Apple is almost worth the same as Britain’s GDP at $3,040,000,000,000


Apple is almost worth the same as Britain’s GDP at $3,040,000,000,000, (that’s more than three trillion dollars)

  • Tech giant’s stock hit a record high of $193 in trading on Wall Street yesterday

Apple’s value has once again topped $3trillion (£2.3trillion) cementing its position as the world’s richest company.

The tech giant’s stock hit a record high of $193 in trading on Wall Street yesterday as it continued an upward march that has seen the share price rise 54 per cent so far this year. 

It means it is now worth $3.04trillion, more than the combined value of Google parent company Alphabet and Amazon, which are valued at $1.5trillion and $1.3trillion respectively.

The iPhone maker was the first company in the world to achieve a value of $1trillion back in 2018, then two years later became the first to be worth $2trillion. 

In fact, the landmark figure puts Apple’s valuation as just short of the UK’s GDP ($3.07million).

The tech giant's stock hit a record high of $193 in trading on Wall Street yesterday as it continued an upward march that has seen the share price rise 54 per cent so far this year

The tech giant’s stock hit a record high of $193 in trading on Wall Street yesterday as it continued an upward march that has seen the share price rise 54 per cent so far this year

But Apple is far from the most valuable company in history, with the record currently held by the Dutch East India Company, which hit a valuation of roughly $9trillion at today’s prices in the 1630s.

It was founded as a private merchant company with a 20-year monopoly on spice trading around modern-day Indonesia, employing around 70,000 people worldwide. 

The trading company, widely considered to be the world’s first multinational corporation, was also the first business to offer shares to the public.

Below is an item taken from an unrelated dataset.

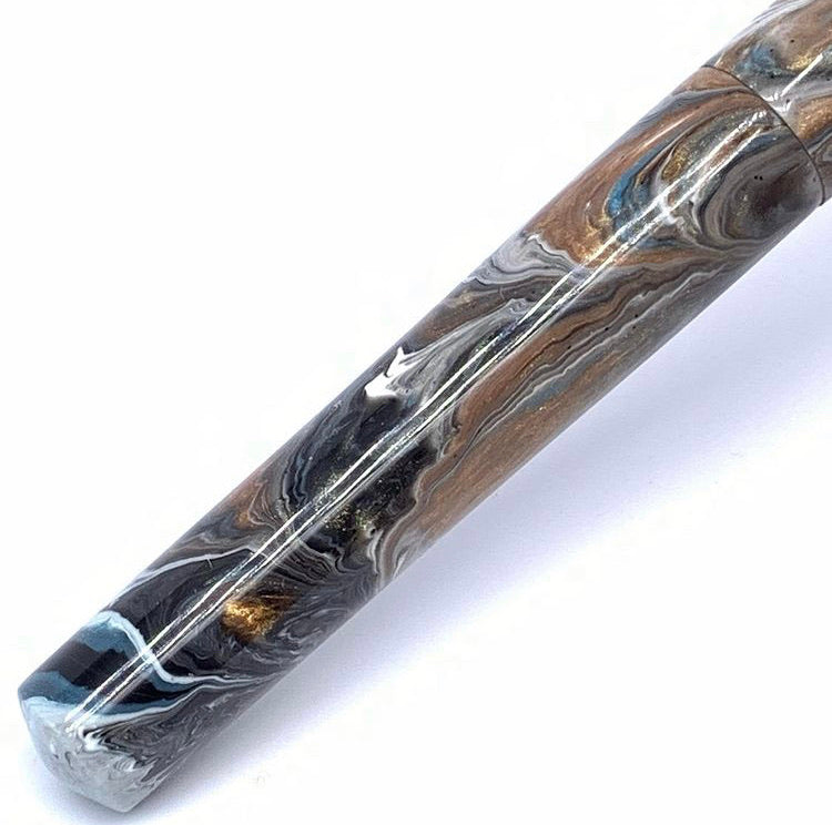 Each pen is crafted by hand in our workshop except for the nib and ink cartridge. Each beautiful blank is skillfully hand turned including all the threads. Guaranteed to write beautifully. Our pens come with Jowo #6 nibs. Contact us for upgraded nib options.

But this did not come without a cost: the Dutch East India Company transported around 50,000 slaves to colonies to prop up its mammoth operation.

Apple hit the $3trillion mark briefly last year until Russia’s invasion of Ukraine sent global stock markets tumbling and the firm struggled with lower sales after an outbreak of Covid-19 shut down one of its key factories in China. 

But it rebounded strongly this year, helped by large buybacks, a process by which a firm purchases its own shares to reduce the total, boosting the price of the remaining stock.

The company hit the headlines last month when it unveiled its virtual reality headset, known as the Vision Pro, which carries a price tag of $3,499 (£2,850).

‘We believe Apple’s fair valuation could be in the $3.5trillion range with a case for a $4trillion valuation by 2025,’ said Dan Ives, managing director of US research firm Wedbush Securities.